* Task requirements
Leaving out the pictures, return word for word the stretch of entries below from the line holding "罗蒙春秋小西装外套女士青果领双排扣通勤休闲百搭单西服上衣外套" through the line holding "But instead of".

* Material shown
■ ■ ■
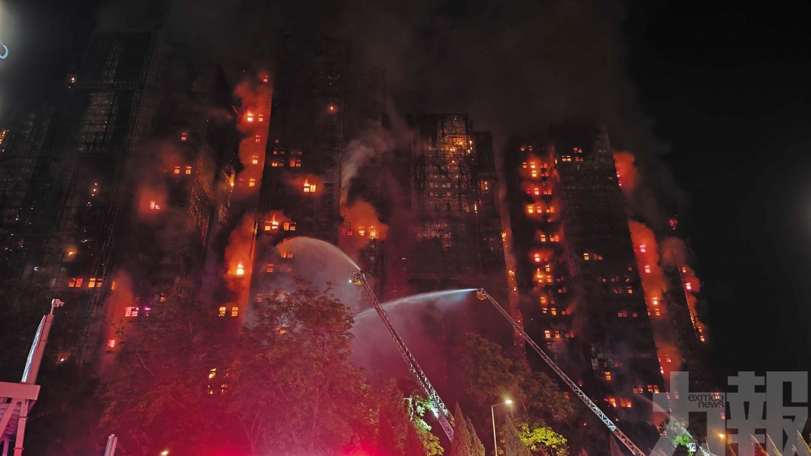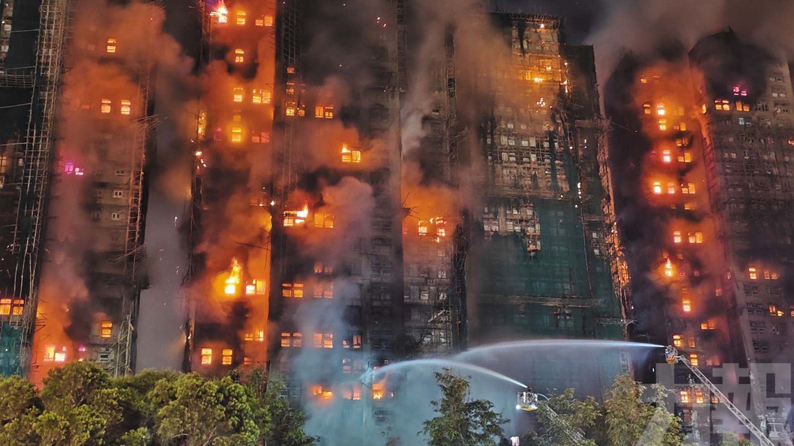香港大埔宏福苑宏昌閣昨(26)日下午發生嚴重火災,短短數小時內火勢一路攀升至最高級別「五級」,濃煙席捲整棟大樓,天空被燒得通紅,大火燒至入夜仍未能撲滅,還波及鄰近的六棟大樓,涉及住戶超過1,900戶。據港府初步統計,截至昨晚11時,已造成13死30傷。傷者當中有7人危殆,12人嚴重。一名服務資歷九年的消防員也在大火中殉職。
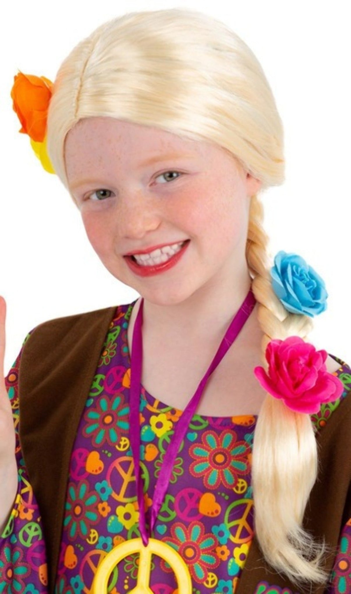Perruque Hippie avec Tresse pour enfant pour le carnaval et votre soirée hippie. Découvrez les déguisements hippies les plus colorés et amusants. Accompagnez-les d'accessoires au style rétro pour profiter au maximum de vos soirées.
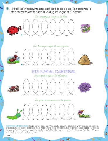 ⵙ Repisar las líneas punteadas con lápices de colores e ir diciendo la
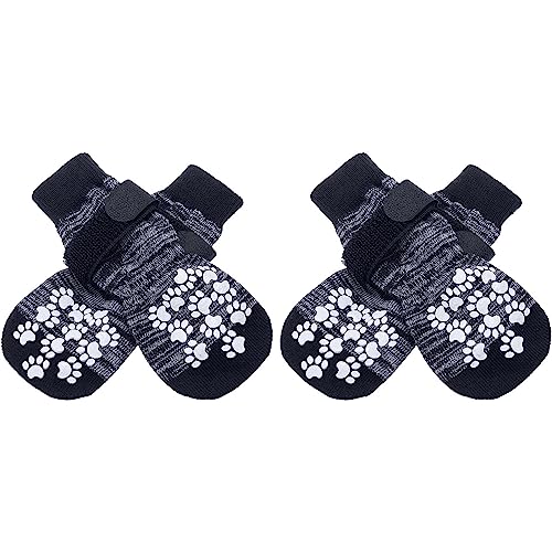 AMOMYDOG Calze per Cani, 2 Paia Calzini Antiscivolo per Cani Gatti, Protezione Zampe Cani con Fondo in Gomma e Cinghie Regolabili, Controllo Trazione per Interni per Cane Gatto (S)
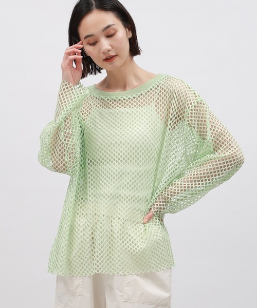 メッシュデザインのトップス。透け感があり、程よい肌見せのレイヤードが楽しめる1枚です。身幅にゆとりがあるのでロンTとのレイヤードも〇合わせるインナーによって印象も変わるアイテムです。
■ ■ ■
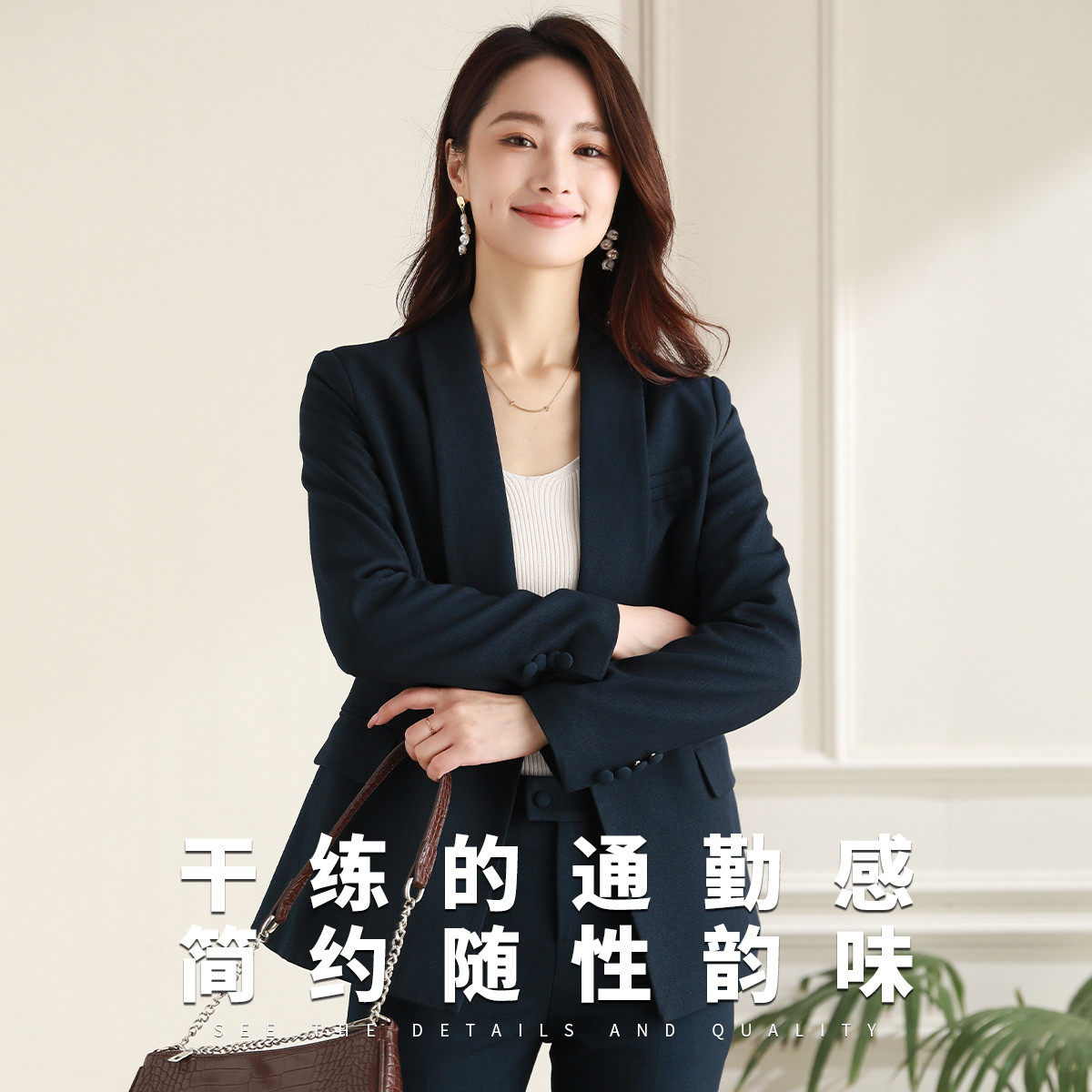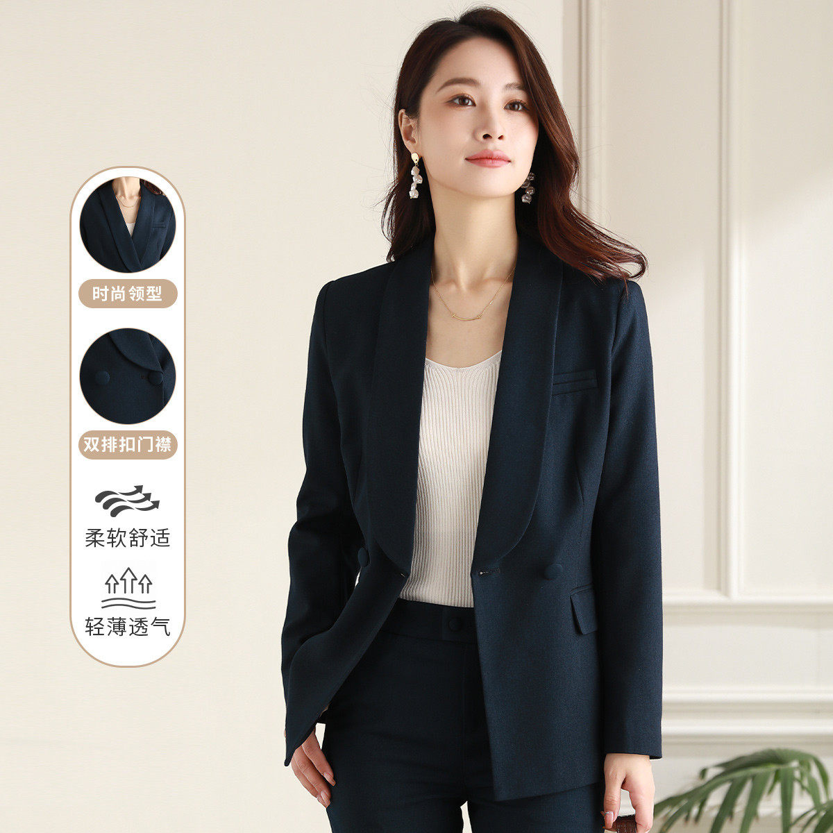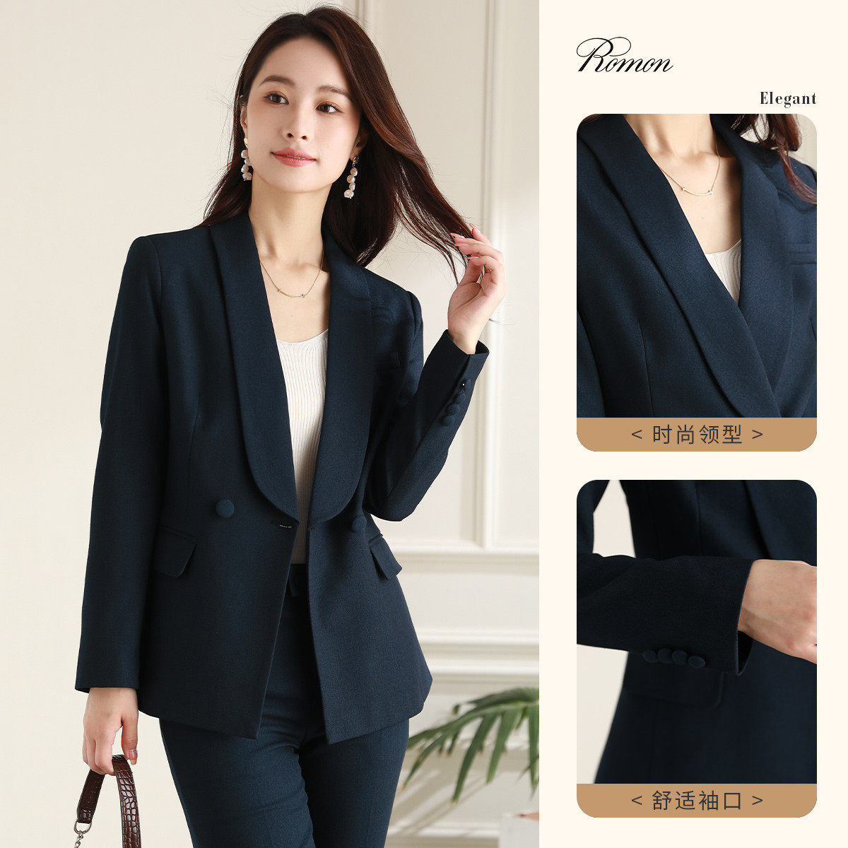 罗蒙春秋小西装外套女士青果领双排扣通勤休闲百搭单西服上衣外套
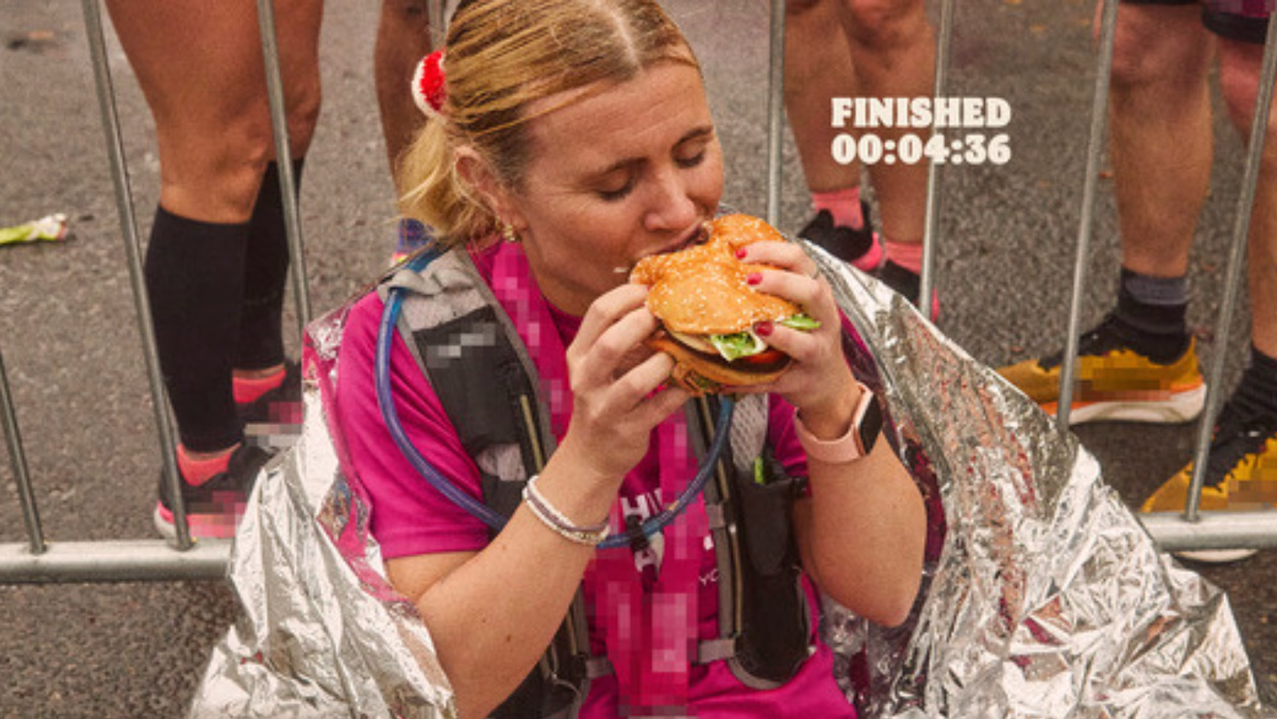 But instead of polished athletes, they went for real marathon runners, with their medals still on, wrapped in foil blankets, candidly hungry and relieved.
■ ■ ■
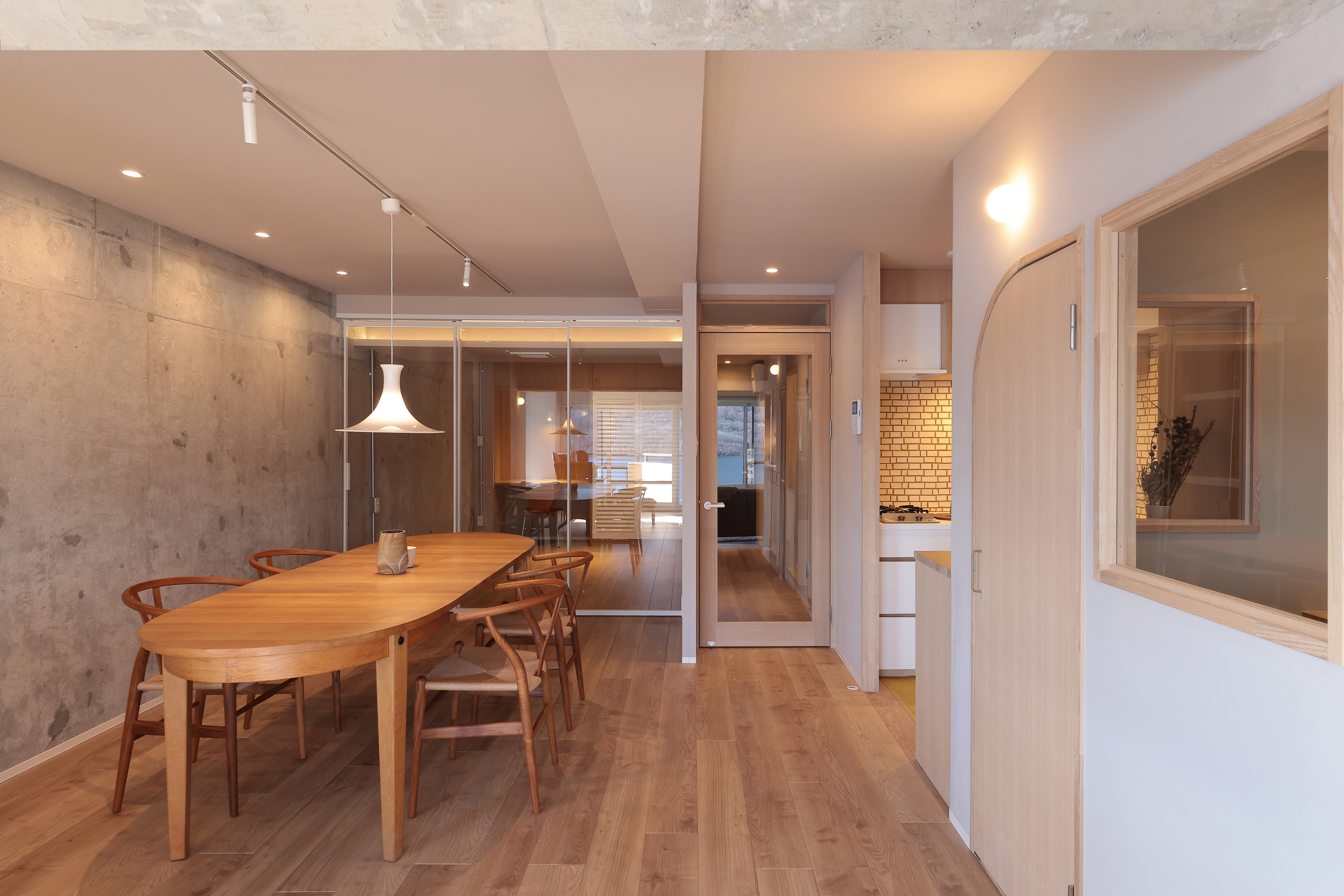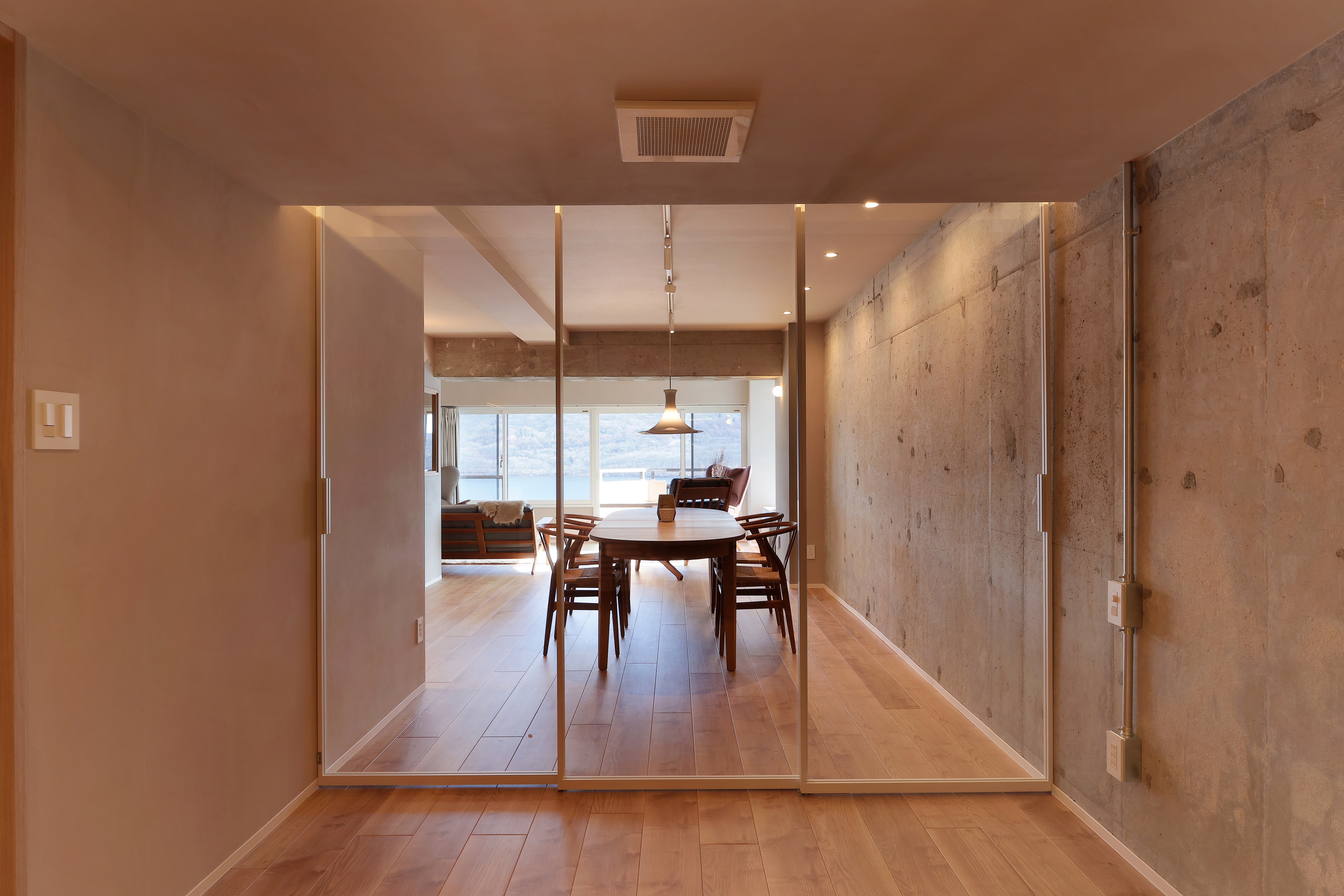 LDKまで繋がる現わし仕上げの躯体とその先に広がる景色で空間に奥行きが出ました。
■ ■ ■
* Result for this exercise
 罗蒙春秋小西装外套女士青果领双排扣通勤休闲百搭单西服上衣外套
 But instead of polished athletes, they went for real marathon runners, with their medals still on, wrapped in foil blankets, candidly hungry and relieved.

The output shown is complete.